A sermon delivered by V. Rev. Stavrophor Milan Krstic.. H/T: St. George Serbian Orthodox Church in Midland, PA (here)
How many times would we find a message on a social network that someone needed help and we would just skip it and go on to the next picture, debating on what kind of comment to leave so our facebook friends would be impressed?
Or how many times would we find a letter in our mailbox from people we dont know, asking for help?
We put it aside for later and later we forget all about it.
Or how about a man on the street holding a sign saying he would work for food. I haven’t seen anyone around here but when I lived in Florida, every big intersection would have at least one man there.
And what would I do?
Sometimes I would give him money, but other times the green light would come too quickly, or I had no cash and I would just drive on feeling very bad at the moment, but by the time I reach my destination, I would completely forget about him.
All these examples are observed from this side.

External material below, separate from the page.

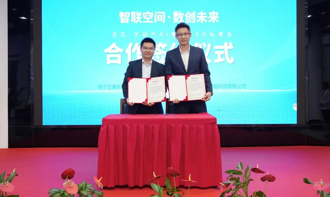 尾声阶段,南宁五象新区产业投资集团有限公司、广西惠赚科技有限公司等四家企业现场签署合作协议,标志着“灵石” 在不动产智能化领域的应用落地再添重要成果。

The side that was asked for help. And the fact that we didn’t take any action had little or no impact on our lives. In the best case, we would feel bad for a very short period of time and then we would ease our conscience with some kind of reasoning why we couldn’t help at the moment.
Now imagine for a moment that we are on the other end, the ones sending out the message.
Imagine that some kind of hardship fell over you or one of your loved ones and in the process of trying to figure out a solution you come across an idea: You know a lot of people on facebook. Hundreds of them. They sure would help. All they would have to do is click on ‘Share’ and someone would help.
However, usually that click doesn’t happen. People are too busy checking the latest news and gossip.
Now, if we ask ourselves why we don’t help every time someone seeks our help, there would be many different excuses. But for most people the excuse is that we think we don’t have enough time, money or connections in order to help.
In reality all we need is willingness to help. If we want to help there will always be enough time, we can all afford ten minutes here and there. There will also be enough money, because no one expects one person alone to solve all of their problems.
And the most important thing: when we do good, we are not alone. God is always with us. He only awaits for us to excercise our free will and decide to help. When we do that all that wind that we get beneath our wings comes from God. He opens the doors and makes things happen.
But we need to know that when we do come across a peson who need our help, it is not only their problem anymore but ours as well. Nothing happens without a reason. God always has a plan. So when we help another person, we are also helping ourselves. We are helping ourselves in the way that we are keeping our hearts warm and full of compasion for others so that God will recognize us as His own.
That is the point of today’s parable. God helped an unfortunate man who suffered for years and healed him.
And what happened then?
People who knew this man and his problem got very upset with God for sending the demons to the pigs after healing the man. The pigs went off the clif and killed themselves. They got so upset that they asked God to leave.
That is exactly what happens everytime we don’t help people in need. When we turn our backs to them in fact we are turning our backs to God.
Is this what we want? Of course not.
But why do we do it?
Because we are human with weaknesses, selfishness, and forgetfulness.
So how do we fight that?
With prayer and good deed. The very things God would recognize.
Think of others.
Because the only thing which belongs to you in the end is what you gave to others.